3. SIMPLIFY by eliminating the fraction

• Multiply both sides by x: \(\mathrm{x}(5\mathrm{x} - \frac{6}{\mathrm{x}}) = \mathrm{x}(13)\)
• Left side: \(\mathrm{x}(5\mathrm{x}) - \mathrm{x}(\frac{6}{\mathrm{x}}) = 5\mathrm{x}^2 - 6\)
• Right side: \(\mathrm{x}(13) = 13\mathrm{x}\)
• Result: \(5\mathrm{x}^2 - 6 = 13\mathrm{x}\)

4. SIMPLIFY to standard quadratic form

• Move all terms to left side: \(5\mathrm{x}^2 - 6 - 13\mathrm{x} = 0\)
• Rearrange: \(5\mathrm{x}^2 - 13\mathrm{x} - 6 = 0\)

5. INFER factoring approach and SIMPLIFY the quadratic

• For factoring, need two numbers that multiply to \(\mathrm{ac} = 5(-6) = -30\) and sum to \(\mathrm{b} = -13\)
• Those numbers are -15 and 2: \((-15)(2) = -30\) and \(-15 + 2 = -13\)
• Rewrite middle term: \(5\mathrm{x}^2 - 15\mathrm{x} + 2\mathrm{x} - 6 = 0\)
• Factor by grouping: \(5\mathrm{x}(\mathrm{x} - 3) + 2(\mathrm{x} - 3) = 0\)
• Factor completely: \((5\mathrm{x} + 2)(\mathrm{x} - 3) = 0\)

6. APPLY zero product property

• If \((5\mathrm{x} + 2)(\mathrm{x} - 3) = 0\), then either factor equals zero
• \(5\mathrm{x} + 2 = 0\) → \(\mathrm{x} = -\frac{2}{5}\)
• \(\mathrm{x} - 3 = 0\) → \(\mathrm{x} = 3\)

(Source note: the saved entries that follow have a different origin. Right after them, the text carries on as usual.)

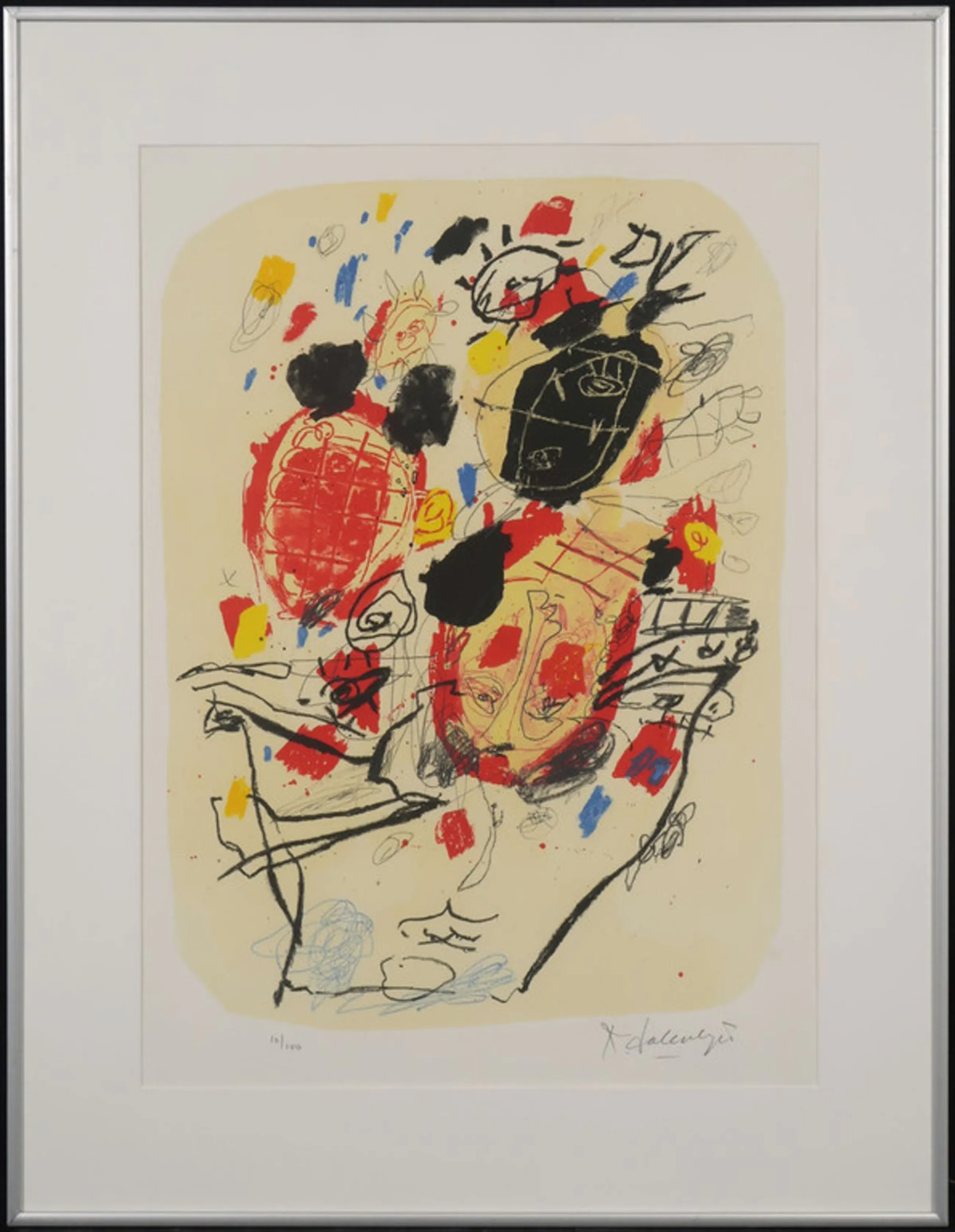 Veel Kees Salentijn te koop op mijn account. Mooie werken, hoge waarde. Titel: Sobre la mesa Jaartal: Niet gedateerd Afmetingen lijst: 76 cm x 61 cm Oplage: 10/100 Gesigneerd: Ja, handgeschreven met potlood (rechtsonder) Materiaal: Zeefdruk op papier Ingelijst: Ja, in aluminium ijst (kleine beschadiging aan het glas linksonder) Conditie kunstwerk: In zeer goede staat Oorspronkelijke galerieprijs: € 325,00
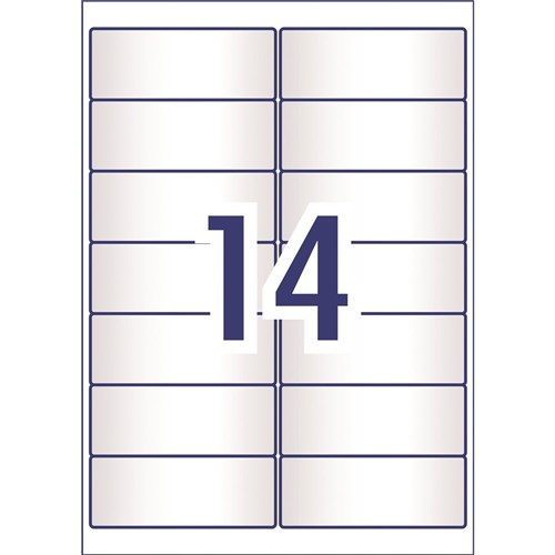 Size: 99.1x38.1mm 350 labels, 25 sheets. 14 labels per sheet (14UP).
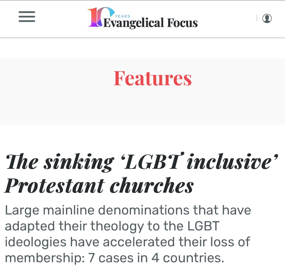 It is obvious that may [many] causes could be included in the analysis of the complex evolution of dying churches, but statistical evidence shows that embracing dominant ideologies in society such as the LGBT agenda is certainly not filling the churches with new believers.
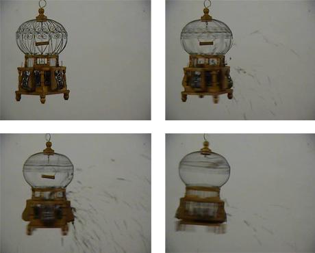 Breathless è un lavoro svolto sull’assenza e sulla conseguente e inspiegabile presenza dell’oggetto messo a fuoco nel video: una gabbia vuota gira pigramente su se stessa, chiusa e inespugnabile, per poi generare un’energia accumulata che viene disseminata e prende la forma di elementi che solo il sonoro ci fa percepire come mosche. Il vuoto si trasforma in un contenuto che la lentezza e la fissità rendevano invisibile.
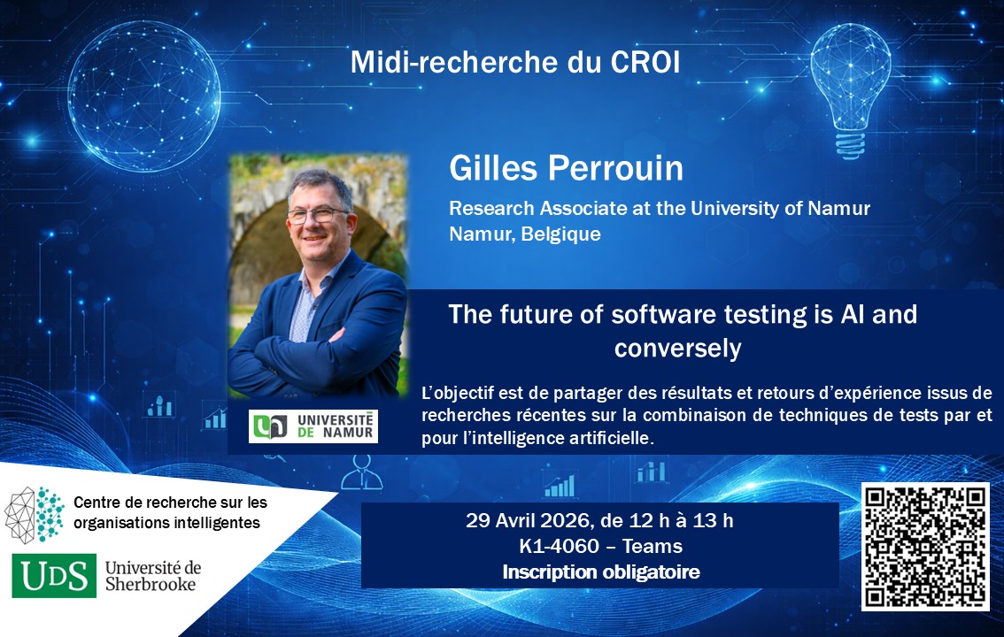 Le Centre de recherche sur les organisations intelligentes (CROI) a le plaisir d’accueillir le professeur Gilles Perrouin, Research Associate à l’Université de Namur (Belgique).

7. APPLY CONSTRAINTS to select final answer

• Both solutions are mathematically valid
• Question asks for the positive solution
• Since \(-\frac{2}{5}\) is negative and 3 is positive: \(\mathrm{x} = 3\)

Answer: C. 3

Why Students Usually Falter on This Problem

Most Common Error Path:

Weak SIMPLIFY execution: Making algebraic errors when multiplying by x or rearranging to standard form

Students often make sign errors when moving terms around, leading to incorrect quadratics like \(5\mathrm{x}^2 + 13\mathrm{x} - 6 = 0\) instead of \(5\mathrm{x}^2 - 13\mathrm{x} - 6 = 0\). This changes the factoring completely and produces wrong solutions. They might end up with factors like \((5\mathrm{x} - 2)(\mathrm{x} + 3) = 0\), giving solutions \(\mathrm{x} = \frac{2}{5}\) and \(\mathrm{x} = -3\), leading them to select Choice A (2/5) as the positive answer.

Second Most Common Error:

Poor INFER reasoning: Attempting to solve the rational equation without eliminating the fraction first

Some students try to work with \(5\mathrm{x} - \frac{6}{\mathrm{x}} = 13\) directly, perhaps trying to isolate x in steps without a clear strategy. They might manipulate it incorrectly, getting confused about how to handle the \(\frac{6}{\mathrm{x}}\) term, and eventually abandon systematic solution. This leads to confusion and guessing among the answer choices.

The Bottom Line:

This problem requires systematic algebraic manipulation through multiple steps. The key insight is recognizing that multiplying by x transforms a challenging rational equation into a familiar quadratic equation that can be factored and solved using standard techniques.